The entire tourism industry is preparing for a persistently reduced demand for travel. We have already seen how several of the major airlines have implemented drastic cost cuts, which unfortunately often also includes redundancies. This also applies to Singapore Airlines, which just before the weekend announced that they would remove up to 4,300 positions across the companies in the group. This corresponds to around 25% of the company’s employees. However, taking into account layoffs, natural attrition and voluntary redundancies, it is hoped to reduce the number of redundancies to around 2,400.
Singapore Airlines expects to be at around 50% of capacity by the end of the 2020/21 financial year, compared to capacity before the pandemic.

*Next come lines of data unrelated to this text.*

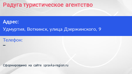 Радуга, туристическое агентство по адресу Удмуртия, Воткинск, улица Дзержинского, 9 в дальнейшем Организация, размещена в следующих категориях: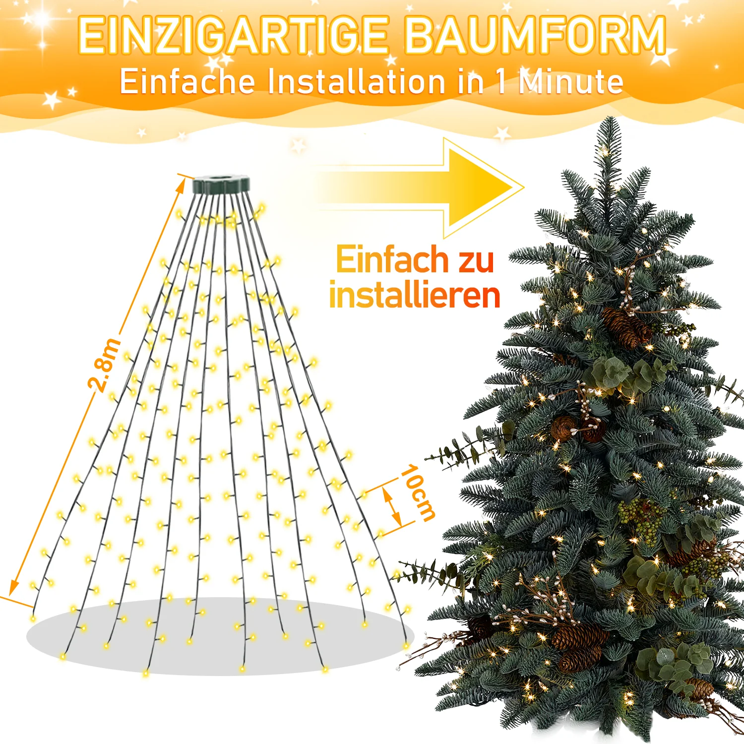 LED Christbaumbeleuchtung mit Ring 280 LEDs Warmweiß IP44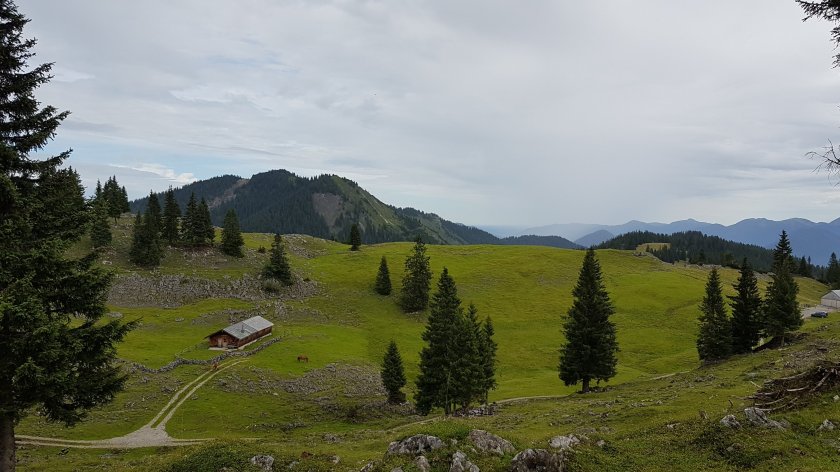 20 Minuten vor 9.00 Uhr geht es Nähe der Oswaldhütte (884 m), ca. 3 km hinter Vorderriss los. Der Himmel ist bewölkt, also dunkel bewölkt. Egal, es ist Sonne und Hitze vorhergesagt. Auf einem breiten Forstweg steigen wir Kehre um Kehre relativ steil bergan. Bald meldet sich der Hunger und wir haben ein schnelles Frühstück im Stehen. Das ist besser, als morgens um 6.00 Uhr zu essen. Jetzt geht es leichter, wobei heute leichter nicht zwingend leicht bedeutet. Wir waren gestern Abend kurzerhand noch 10 km joggen und die stecken uns doch etwas in den Knochen. Das bedeutet heute, dass wir bis zu unserem ersten Etappenpunkt, der Moosenalm, auch die angeschriebene Gehzeit brauchen, wobei die immer noch eine Stunde kürzer ist, als im Wanderführer. Die Moosenalm ist eine wunderschön gelegene Hochalm, mit vielen jungen Kühen und Pferden, die ein riesiges Areal für sich haben.
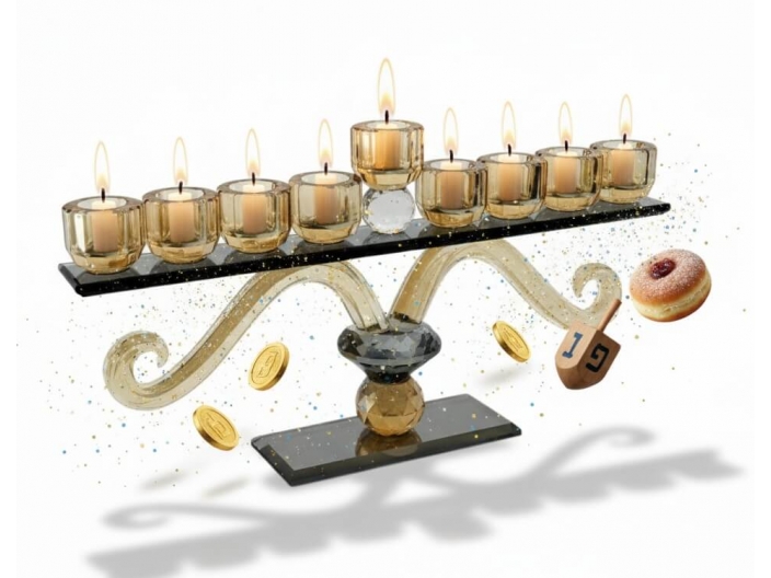 חנוכיה קריסטל ורד שחור 36x17 ס"מ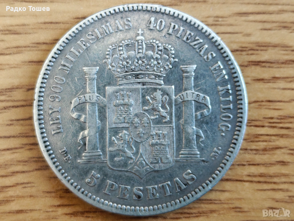 Испания 5 песети 1876 СРЕБРО → Обява 53530448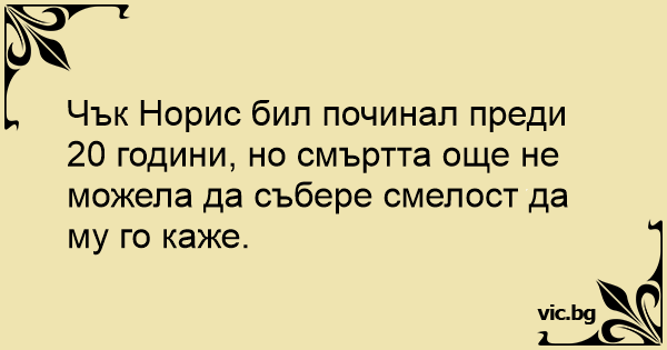 Чък Норис бил починал преди 20 години, но смъртта още не можела да събере смелост да му го каже.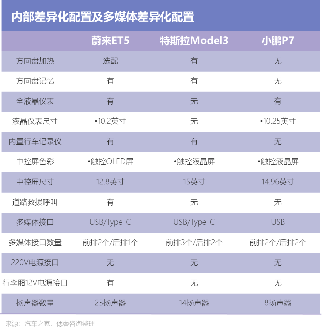内部及多媒体配置上,只有特斯拉有方向盘加热,但缺少了全液晶仪表;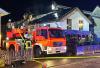 Insgesamt sieben Atemschutztrupps wurden im ersten Angriff eingesetzt. Dazu Rettungssägen und diverse Brechwerkzeuge. Zu Spitzenzeiten waren drei C- und ein D-Rohr im Einsatz. Die Drehleitern gingen auf beiden Hausseiten in Stellung. Leider wurden die Kinderzimmer im Dachgeschoss des betroffenen Hauses erheblich in Mitleidenschaft gezogen. Neben den Brandschäden kam es einsatzbedingt auch zu einem massiven Wasserschaden.

The most pessimistic/realistic scenarios in the industry indicate that traffic will not reach the same level as the pandemic until 2024.
Singapore Airlines can be said to be in a more vulnerable position than many other national airlines, as they have no domestic travel. If we look at examples like SAS, for example, the demand for domestic travel in Norway. and to a certain extent more broadly within Scandinavia, is well on its way to normalisation. For Singapore Airlines, the situation is therefore extra difficult.
– “Having to lay off our valued and dedicated employees is the most difficult decision I have had to make in my 30 years with SIA. This does not reflect the strengths and capabilities of those affected, but is the result of a unique global crisis that is suffocating aviation”, says Singapore Airlines Executive Vice President Goh Choon Phong.